Greenwashing

Greenwashing

I don't know if you have heard of greenwashing, a combination of the words 'green' and 'whitewashing', which is the term used to define a deceptive practice that some companies use to make their products or services appear more environmentally friendly than they actually are.

This practice is based on the use of marketing and advertising strategies that appeal to the ecological consciousness of consumers, but do not correspond to the reality of the company, such as the inclusion of false or misleading ecological labels, the exaggeration of the ecological characteristics of a product, or the omission of important information.For example, a company may claim that its product is '100% natural' or 'free of harmful chemicals', but it may not be true.

They can also include labels like 'eco-friendly' or 'environmentally friendly' on their products without having a certification to back up those claims.The main goal of greenwashing is to increase sales and improve the company's image, although there is not always a real commitment to the environment. Greenwashing can be especially problematic because consumers looking for environmentally friendly products may end up buying products that are not really so.

To avoid falling into the traps of greenwashing, it is important for consumers to research and inform themselves about the products they are buying. Seeking information from reliable sources and being aware of exaggerated labels and claims can help avoid deception. In addition, supporting companies that really care about the environment can be a way to encourage more sustainable and responsible practices.

The energy sector is very affected by greenwashing. Many players declare themselves as green companies or offer “green rates” when they continue to invest in fossil fuels or nuclear energy. An illusory image of ecological responsibility is created, a greenwashing of polluting energies. That is, actions taken by companies that care about the environment, when their activities are harmful.

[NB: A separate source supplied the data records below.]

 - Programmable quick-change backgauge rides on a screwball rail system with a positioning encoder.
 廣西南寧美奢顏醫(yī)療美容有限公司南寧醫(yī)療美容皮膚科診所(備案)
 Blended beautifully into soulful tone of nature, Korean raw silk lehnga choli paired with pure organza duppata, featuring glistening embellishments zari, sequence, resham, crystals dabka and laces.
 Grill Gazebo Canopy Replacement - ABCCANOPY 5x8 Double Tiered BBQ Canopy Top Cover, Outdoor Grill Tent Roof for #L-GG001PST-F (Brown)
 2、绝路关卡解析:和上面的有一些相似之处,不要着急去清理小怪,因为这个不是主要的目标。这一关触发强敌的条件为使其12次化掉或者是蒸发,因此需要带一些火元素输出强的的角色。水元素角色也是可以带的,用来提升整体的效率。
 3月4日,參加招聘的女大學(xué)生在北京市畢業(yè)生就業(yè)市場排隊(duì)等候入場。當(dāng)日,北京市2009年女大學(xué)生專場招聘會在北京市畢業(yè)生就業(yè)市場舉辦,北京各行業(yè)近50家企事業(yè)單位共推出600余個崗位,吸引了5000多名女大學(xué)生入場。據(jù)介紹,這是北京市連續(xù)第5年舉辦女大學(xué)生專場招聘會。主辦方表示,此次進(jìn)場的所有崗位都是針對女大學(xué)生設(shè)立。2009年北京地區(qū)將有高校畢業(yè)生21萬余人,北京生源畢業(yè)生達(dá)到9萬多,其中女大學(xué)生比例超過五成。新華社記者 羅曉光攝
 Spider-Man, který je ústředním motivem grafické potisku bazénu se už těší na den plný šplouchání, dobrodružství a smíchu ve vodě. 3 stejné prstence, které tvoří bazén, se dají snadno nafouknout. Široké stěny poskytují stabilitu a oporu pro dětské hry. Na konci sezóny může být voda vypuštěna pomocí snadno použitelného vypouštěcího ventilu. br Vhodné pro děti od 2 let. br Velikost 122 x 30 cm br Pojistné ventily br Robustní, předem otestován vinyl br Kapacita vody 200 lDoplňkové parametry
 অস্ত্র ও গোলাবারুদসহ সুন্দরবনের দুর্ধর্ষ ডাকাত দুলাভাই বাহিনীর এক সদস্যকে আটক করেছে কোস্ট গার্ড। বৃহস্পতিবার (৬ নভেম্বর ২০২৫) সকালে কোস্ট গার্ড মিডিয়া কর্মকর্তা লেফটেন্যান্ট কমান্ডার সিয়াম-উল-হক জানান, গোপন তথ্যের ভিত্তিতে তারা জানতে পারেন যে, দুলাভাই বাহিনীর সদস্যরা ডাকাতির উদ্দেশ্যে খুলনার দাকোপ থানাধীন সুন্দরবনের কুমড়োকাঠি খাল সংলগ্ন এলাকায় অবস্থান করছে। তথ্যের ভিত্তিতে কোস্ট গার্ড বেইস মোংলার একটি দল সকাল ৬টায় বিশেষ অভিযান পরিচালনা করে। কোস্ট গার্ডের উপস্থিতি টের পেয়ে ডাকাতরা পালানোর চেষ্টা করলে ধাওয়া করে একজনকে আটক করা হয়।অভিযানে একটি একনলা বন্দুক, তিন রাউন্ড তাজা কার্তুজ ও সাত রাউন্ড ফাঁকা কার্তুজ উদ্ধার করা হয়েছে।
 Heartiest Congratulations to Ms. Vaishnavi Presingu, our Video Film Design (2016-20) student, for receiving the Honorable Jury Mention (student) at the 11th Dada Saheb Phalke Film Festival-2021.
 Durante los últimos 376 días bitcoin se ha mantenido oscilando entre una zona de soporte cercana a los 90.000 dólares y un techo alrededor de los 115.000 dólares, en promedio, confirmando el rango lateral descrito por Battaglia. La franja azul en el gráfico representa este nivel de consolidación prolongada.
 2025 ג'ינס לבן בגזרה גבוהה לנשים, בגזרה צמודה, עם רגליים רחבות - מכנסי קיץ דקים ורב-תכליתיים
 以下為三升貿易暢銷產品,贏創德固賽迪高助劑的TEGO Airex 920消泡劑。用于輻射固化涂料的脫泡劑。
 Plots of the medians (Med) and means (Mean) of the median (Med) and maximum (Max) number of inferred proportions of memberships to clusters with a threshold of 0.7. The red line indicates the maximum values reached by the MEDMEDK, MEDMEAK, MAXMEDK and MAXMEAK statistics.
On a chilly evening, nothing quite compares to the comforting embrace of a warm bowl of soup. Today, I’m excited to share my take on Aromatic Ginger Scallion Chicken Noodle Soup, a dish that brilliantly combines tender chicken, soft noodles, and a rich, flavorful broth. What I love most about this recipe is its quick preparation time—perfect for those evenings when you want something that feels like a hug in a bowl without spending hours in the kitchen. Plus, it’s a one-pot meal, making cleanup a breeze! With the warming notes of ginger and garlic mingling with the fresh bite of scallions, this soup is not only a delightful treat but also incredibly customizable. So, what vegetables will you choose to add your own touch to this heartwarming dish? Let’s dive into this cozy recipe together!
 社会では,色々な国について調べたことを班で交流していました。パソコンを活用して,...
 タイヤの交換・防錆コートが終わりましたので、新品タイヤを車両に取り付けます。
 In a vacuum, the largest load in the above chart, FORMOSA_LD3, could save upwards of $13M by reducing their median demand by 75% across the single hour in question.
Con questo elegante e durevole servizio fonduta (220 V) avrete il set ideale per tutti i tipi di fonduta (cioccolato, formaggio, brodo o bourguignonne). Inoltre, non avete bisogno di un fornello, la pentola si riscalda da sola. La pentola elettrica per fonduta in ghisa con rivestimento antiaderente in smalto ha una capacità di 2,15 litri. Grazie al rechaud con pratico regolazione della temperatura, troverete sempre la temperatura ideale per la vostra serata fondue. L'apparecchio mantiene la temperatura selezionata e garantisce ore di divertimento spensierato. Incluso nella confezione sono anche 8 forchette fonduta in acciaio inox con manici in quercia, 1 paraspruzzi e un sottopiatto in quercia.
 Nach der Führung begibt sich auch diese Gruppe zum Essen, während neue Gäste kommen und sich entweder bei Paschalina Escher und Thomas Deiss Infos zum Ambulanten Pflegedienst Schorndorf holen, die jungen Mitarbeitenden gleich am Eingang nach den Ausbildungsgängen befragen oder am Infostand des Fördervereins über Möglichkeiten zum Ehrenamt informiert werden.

The European taxonomy is a classification system for economic activities that seek to be environmentally friendly and sustainable in the long term. Its goal is to establish which activities meet sustainability criteria, and which do not. Thanks to this tool, investors can have greater security when deciding where to invest their money sustainably. In addition, this taxonomy is not limited only to the energy sector, but also extends to other sectors such as agriculture, manufacturing, transport, and forestry.

It is expected to become a leading tool in guiding investments towards ecological transition. This is because it is understood that public money will not be enough to achieve sustainability goals. Therefore, the European taxonomy seeks to ensure that investments are sustainable and respectful of the environment, which in turn would promote a more sustainable economy in the long term.